There is much in common between IFRS 16 and IFRS 9, as well as the plethora of frameworks derived from the risk-management guidelines set forth by the Basel Committee on Banking Supervision. Like them, IFRS 16, which goes into effect in January 2019, assigns a central role to management judgment, rather than rote rule following, and calls for greater transparency, internally and externally, and for potential mistakes and their consequences to be anticipated and not merely recorded after the fact.
IFRS 16 requires lessees to recognize all new and existing lease contracts on their balance sheets and to report lifetime liabilities, discounted by an appropriate interest rate, immediately on their profit-and-loss statements at amortized cost. This move toward the balance sheet will have a big impact on businesses with extensive leases, and it could materially affect capital positions in the case of financial companies. The immediate recognition on the balance sheet and estimation of discounted lifetime liabilities will look familiar to bankers who have been working on IFRS 9. The extensive reliance on management judgment, used in crafting the models for calculating credit losses under that standard, comes into play in several aspects of IFRS 16:
- Identification of non-lease components within a lease contract (relating to equipment maintenance and service, for example).
- Deciding on the lease term in the light of the economic life of the asset vs. the non-cancelable lease period and optionality (termination or extension).
- How to treat lease modifications: remeasurement or separate contract.
- Deciding which contracts should be considered leases that fall under IFRS 16 at all. Other standards apply for arrangements that involve biological assets, mineral rights, licensing of certain intangible assets and so forth.
- Setting rules for simulations to gauge the impact of prospective lease contracts on key financial metrics.
As a firm’s IFRS 16 preparations proceed, the people charged with the undertaking may find other connections with IFRS 9, some of them complex or surprising.
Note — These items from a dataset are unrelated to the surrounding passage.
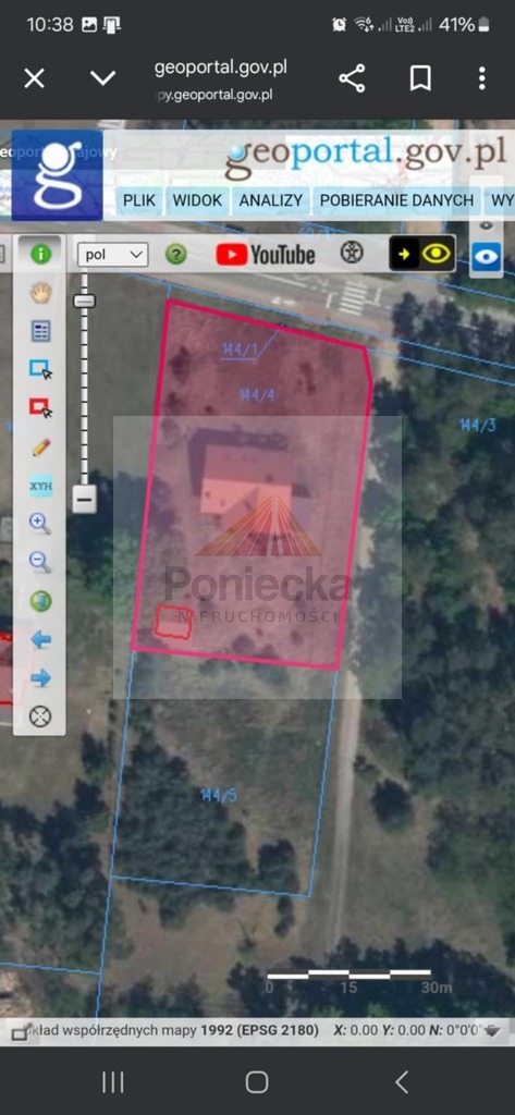 - oraz ogrodzona, niezabudowana działka o powierzchni 16 arów, położona w drugiej linii zabudowy.
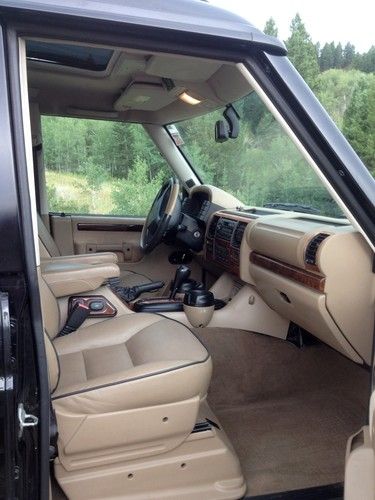 This Land Rover Discovery Series II SE is a gem. It has lived in the salt-free Rocky Mountains all it's life. It is in exceptionally good shape, with few signs of wear and tear. This unique SUV has great styling, unlike anything else on the road. Just sitting in it creates a feeling of safety, security and luxury. The engine starts and runs smoothly, with plenty of power and acceleration from the powerful V-8, 188 horsepower, 250 foot pounds of torque 4 liter engine. The interior is very clean, smoke free and very comfortable to travel in. It's safe and secure in all kinds of road conditions. Both front and rear passengers sit up high for a great view, with plenty of leg and head room for even very large folks, and dual sunroofs to bring the outdoors inside with you. The Harman-Kardon 300 watt sound system gives clean crisp sound from the radio, CD, or cassette systems. The low mileage of only 114,734 indicates that this eleven year old SUV has only been driven an average of less than 900 miles per month, and it's great paint job testifies that it has been in a garage for most of it's life.
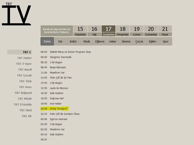TRT 1 ekranlarında her çarşamba günleri izleyici karşısına çıkan Diriliş Ertuğrul'un yeni sezon tarihi henüz belli olmadı. TRT 1'in bu hafta çarşamba günü yayın akışına Diriliş Ertuğrul'u eklemesi ile dizinin bu hafta başlayıp, başlamayacağı merak edildi. Ancak dizinin özel bölümünün ekrana gelmesi bekleniyor. Yeni sezon tarihi ile ilgili açıklama geldiğinde haberimizin içeriğinde yer alacak.
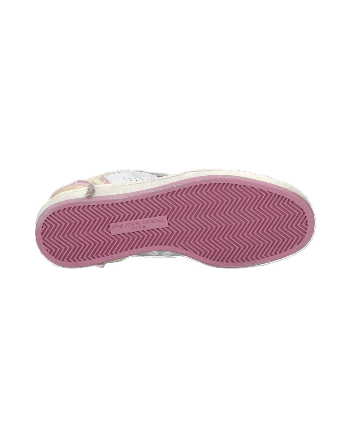 Sneaker femminile dal design audace, in pelle e suede fucsia con dettagli luminosi. Una scelta vivace che dona energia e personalità a ogni look urbano.
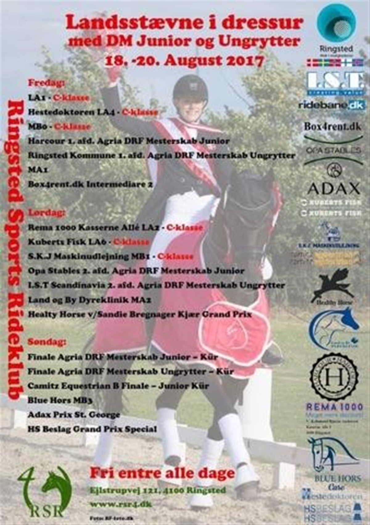 I weekenden 18-20 august slår Ringsted Sports Rideklub i samarbejde med Team CABE og Ridebane.dk dørene op til landsstævne i dressur, hvor der blandt andet skal dystes om de Individuelle DRF Mesterskaber for Juniorer & Youngriders.
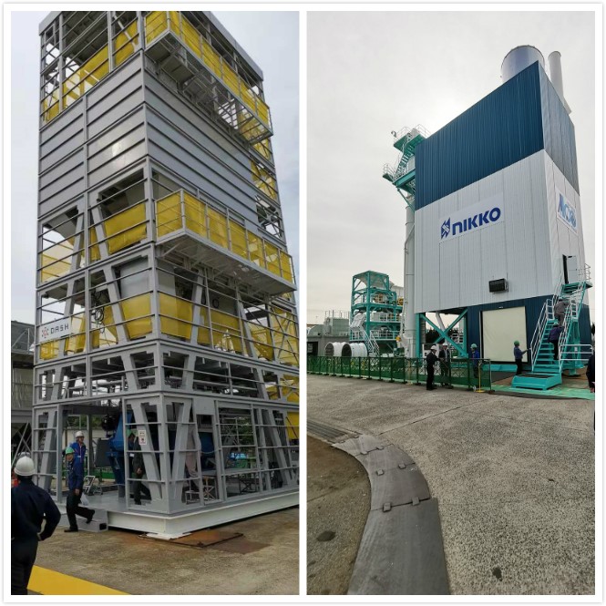 图为日工株式会社生产的混凝土拌和站(左)以及沥青拌和站(右)
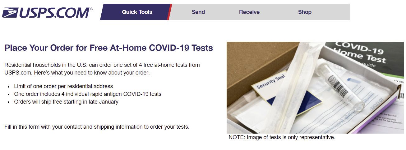 Residential households in the U.S. can order one set of 4 free at-home tests from USPS.com. Here’s what you need to know about your order:

Beyond similarities in the broad concepts and data intensiveness, the changes in the treatment of leases under IFRS 16 could affect estimated loss models and calculations under the other standard.
If an institution has companies that use leases extensively among its loan customers – and it’s hard to imagine that not being the case for a large commercial lender – then the impact of IFRS 16’s provisions on those customers’ balance sheets and P&L statements, and therefore their creditworthiness, needs to be reflected in loss estimates.
An IFRS solution that meets the demands of IFRS 16 and its supervisory cousins will echo the intricate relationships among them. It will cater to the idiosyncrasies of each while allowing institutions to take full advantage of the common threads that weave their way through all of them.
Such a system will be able to maintain all of a firm’s data from disparate sources, but in a standardized format that ensures consistency and reliability, and automates as many functions as possible to improve operational efficiency. It should be a modular solution that extracts data of any sort, from any source and for any purpose, and applies whatever sets of rules and calculations are appropriate for a given task.
The broad architecture and the methods for storing, processing, reconciling, verifying, tracking and reporting data are the same; only the specific pieces of information and the processes applied to them change.
This strategy will save resources – financial and human – when implementing IFRS 16 and similar frameworks, and when adhering to their requirements down the road. Indeed, the best way to view IFRS 16 is not as a separate compliance obligation, but as a variation on a single, larger one that has some unique elements but essentially the same objectives overall that can be achieved through a common, yet flexible, approach to managing data, producing IFRS valuations and accounting for them.